→ **Material provided**
------------------------

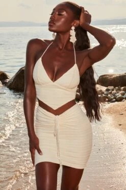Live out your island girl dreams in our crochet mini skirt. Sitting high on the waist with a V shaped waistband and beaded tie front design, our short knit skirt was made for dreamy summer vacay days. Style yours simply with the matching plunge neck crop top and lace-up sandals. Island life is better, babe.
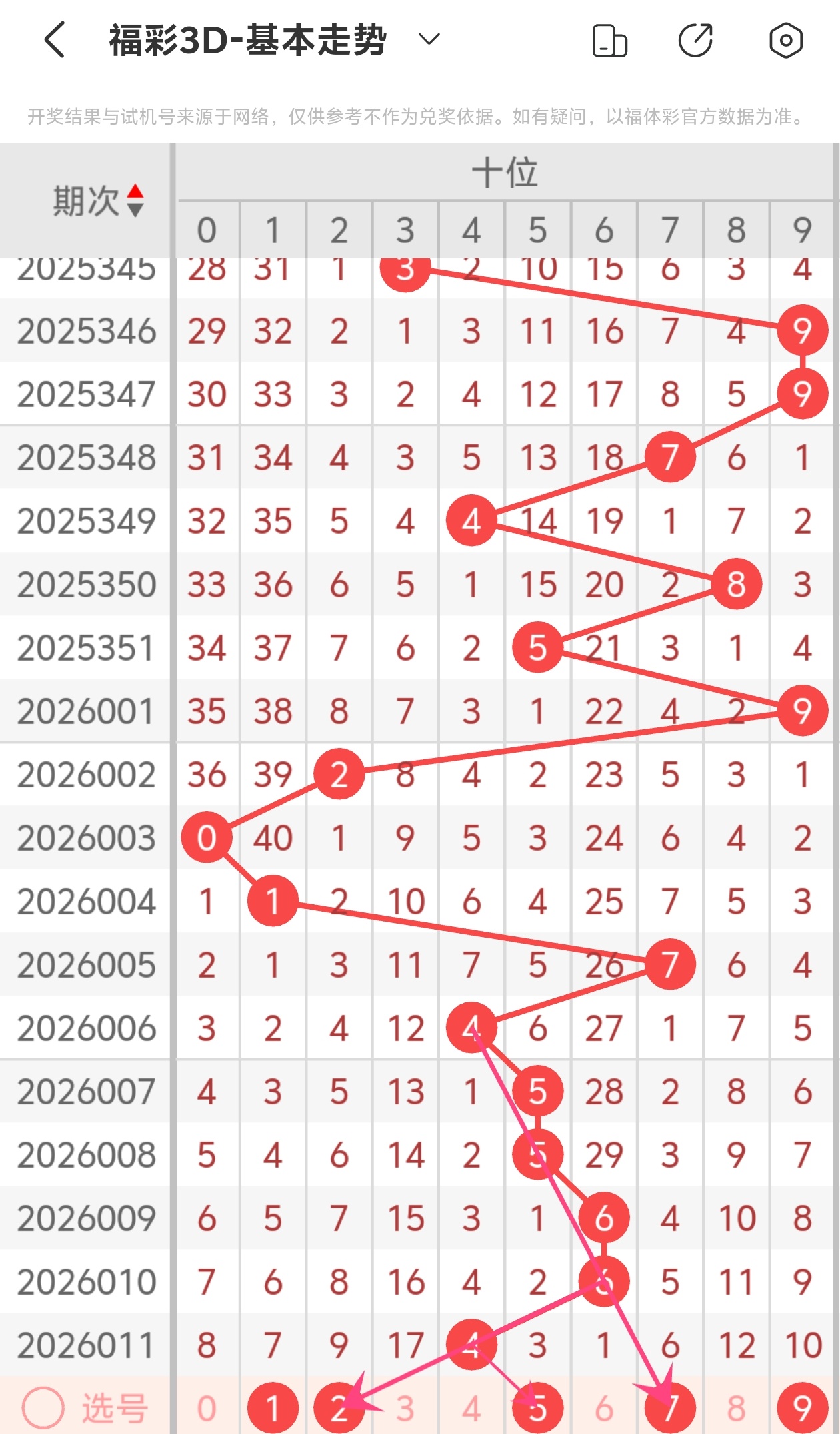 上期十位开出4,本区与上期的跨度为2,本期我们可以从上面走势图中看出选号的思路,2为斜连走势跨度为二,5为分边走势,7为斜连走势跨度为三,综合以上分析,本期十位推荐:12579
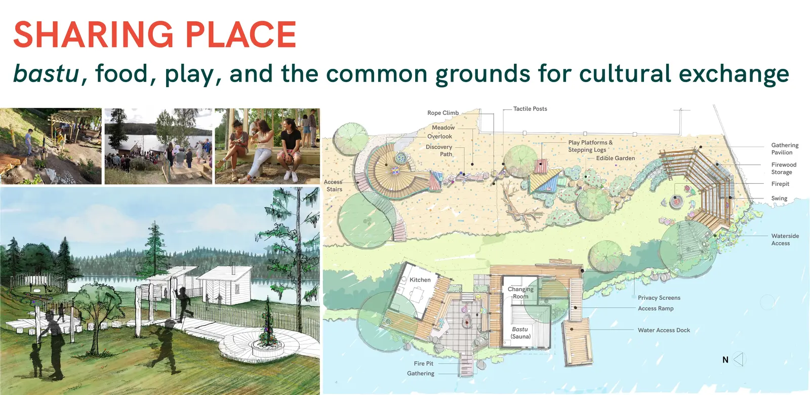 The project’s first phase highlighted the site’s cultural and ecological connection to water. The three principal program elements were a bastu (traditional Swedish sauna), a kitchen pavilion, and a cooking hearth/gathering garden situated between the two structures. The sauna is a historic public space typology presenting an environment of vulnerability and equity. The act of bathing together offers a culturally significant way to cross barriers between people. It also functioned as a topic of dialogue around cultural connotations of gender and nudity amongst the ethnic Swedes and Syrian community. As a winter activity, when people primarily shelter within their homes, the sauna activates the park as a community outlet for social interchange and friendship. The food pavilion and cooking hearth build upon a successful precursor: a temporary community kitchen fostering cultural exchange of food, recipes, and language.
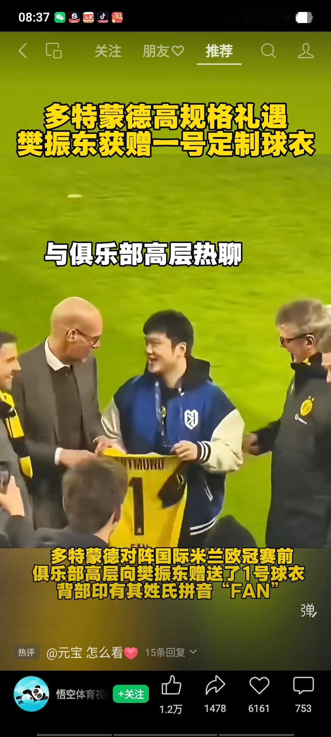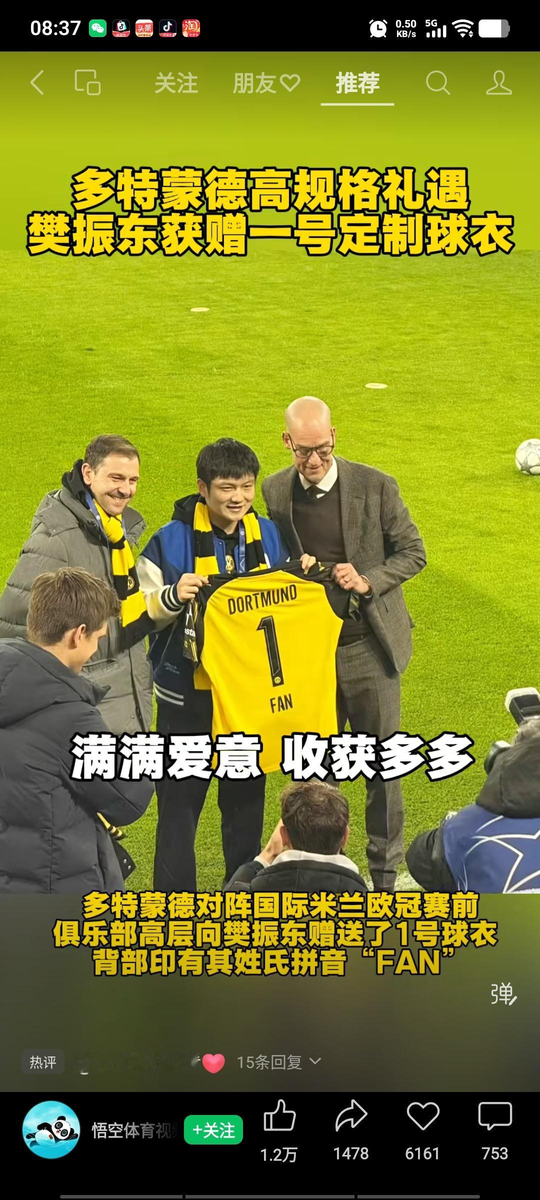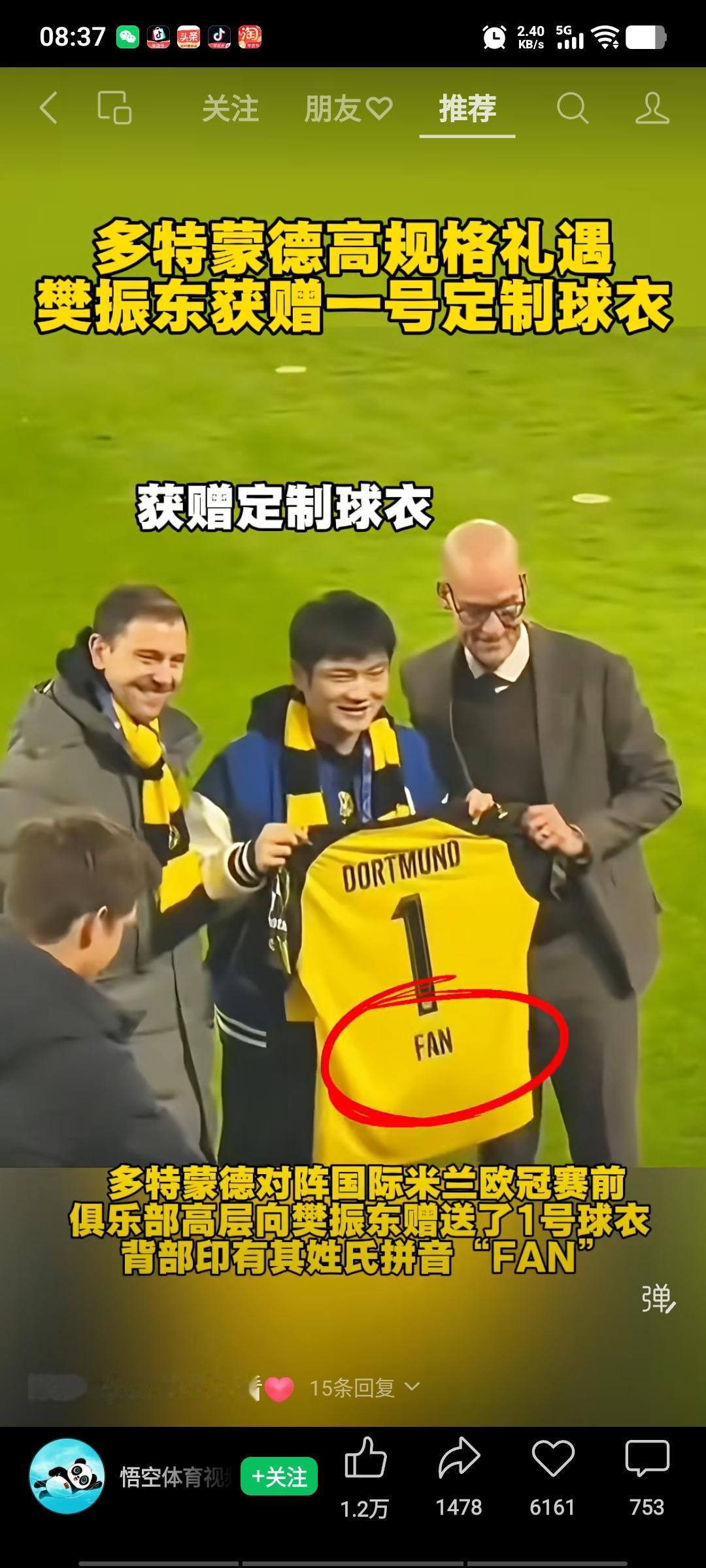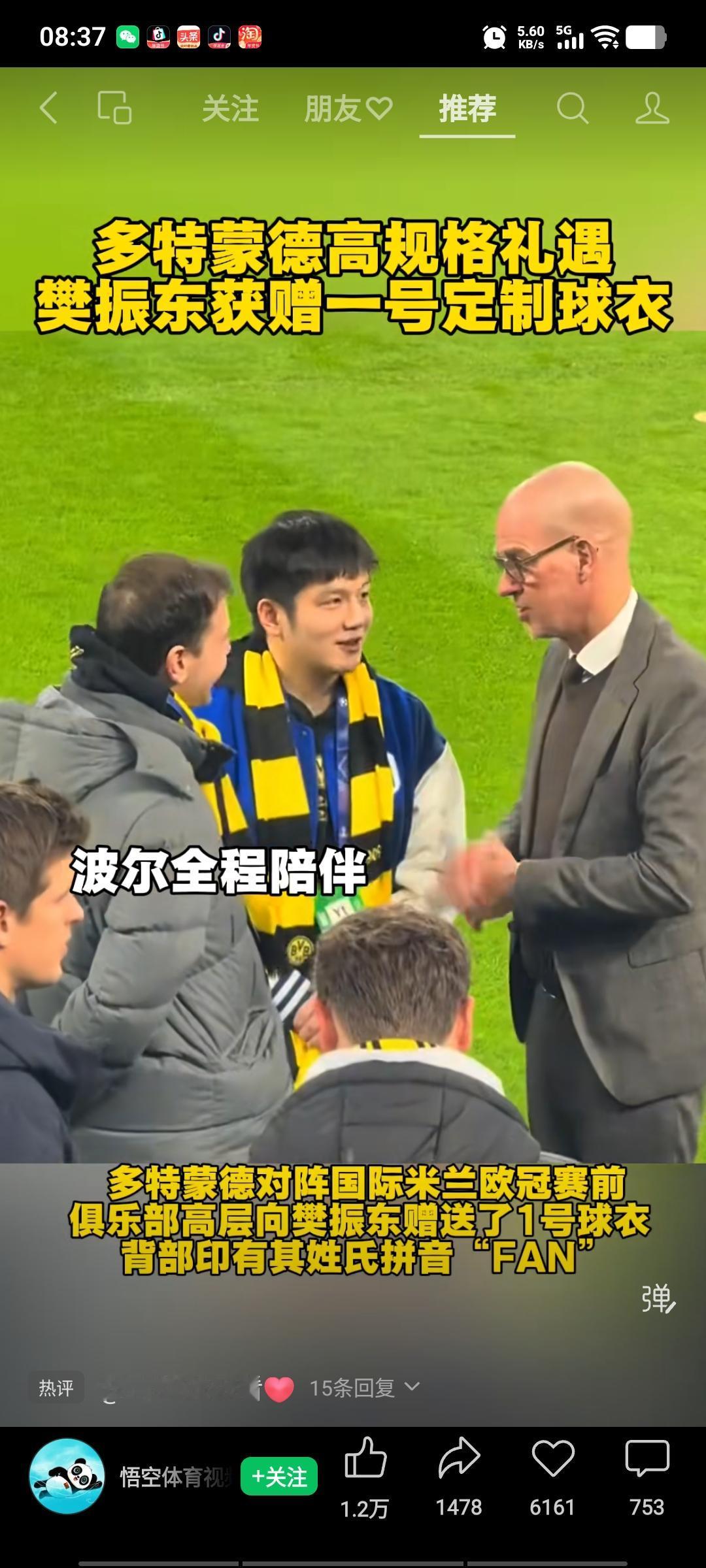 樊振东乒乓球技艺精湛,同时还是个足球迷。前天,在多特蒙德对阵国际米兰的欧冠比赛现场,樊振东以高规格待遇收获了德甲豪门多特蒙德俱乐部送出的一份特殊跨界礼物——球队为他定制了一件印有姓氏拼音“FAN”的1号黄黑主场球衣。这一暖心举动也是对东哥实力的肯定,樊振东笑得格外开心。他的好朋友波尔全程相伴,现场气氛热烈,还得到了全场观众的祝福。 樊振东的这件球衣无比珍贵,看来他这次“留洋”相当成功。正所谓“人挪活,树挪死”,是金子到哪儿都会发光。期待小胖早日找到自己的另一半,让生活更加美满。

------------------------

→ **What the task asks**
Output the material verbatim, skipping the images.

→ **Solution to this exercise**
Live out your island girl dreams in our crochet mini skirt. Sitting high on the waist with a V shaped waistband and beaded tie front design, our short knit skirt was made for dreamy summer vacay days. Style yours simply with the matching plunge neck crop top and lace-up sandals. Island life is better, babe.
 上期十位开出4,本区与上期的跨度为2,本期我们可以从上面走势图中看出选号的思路,2为斜连走势跨度为二,5为分边走势,7为斜连走势跨度为三,综合以上分析,本期十位推荐:12579
 The project’s first phase highlighted the site’s cultural and ecological connection to water. The three principal program elements were a bastu (traditional Swedish sauna), a kitchen pavilion, and a cooking hearth/gathering garden situated between the two structures. The sauna is a historic public space typology presenting an environment of vulnerability and equity. The act of bathing together offers a culturally significant way to cross barriers between people. It also functioned as a topic of dialogue around cultural connotations of gender and nudity amongst the ethnic Swedes and Syrian community. As a winter activity, when people primarily shelter within their homes, the sauna activates the park as a community outlet for social interchange and friendship. The food pavilion and cooking hearth build upon a successful precursor: a temporary community kitchen fostering cultural exchange of food, recipes, and language.
 樊振东乒乓球技艺精湛,同时还是个足球迷。前天,在多特蒙德对阵国际米兰的欧冠比赛现场,樊振东以高规格待遇收获了德甲豪门多特蒙德俱乐部送出的一份特殊跨界礼物——球队为他定制了一件印有姓氏拼音“FAN”的1号黄黑主场球衣。这一暖心举动也是对东哥实力的肯定,樊振东笑得格外开心。他的好朋友波尔全程相伴,现场气氛热烈,还得到了全场观众的祝福。 樊振东的这件球衣无比珍贵,看来他这次“留洋”相当成功。正所谓“人挪活,树挪死”,是金子到哪儿都会发光。期待小胖早日找到自己的另一半,让生活更加美满。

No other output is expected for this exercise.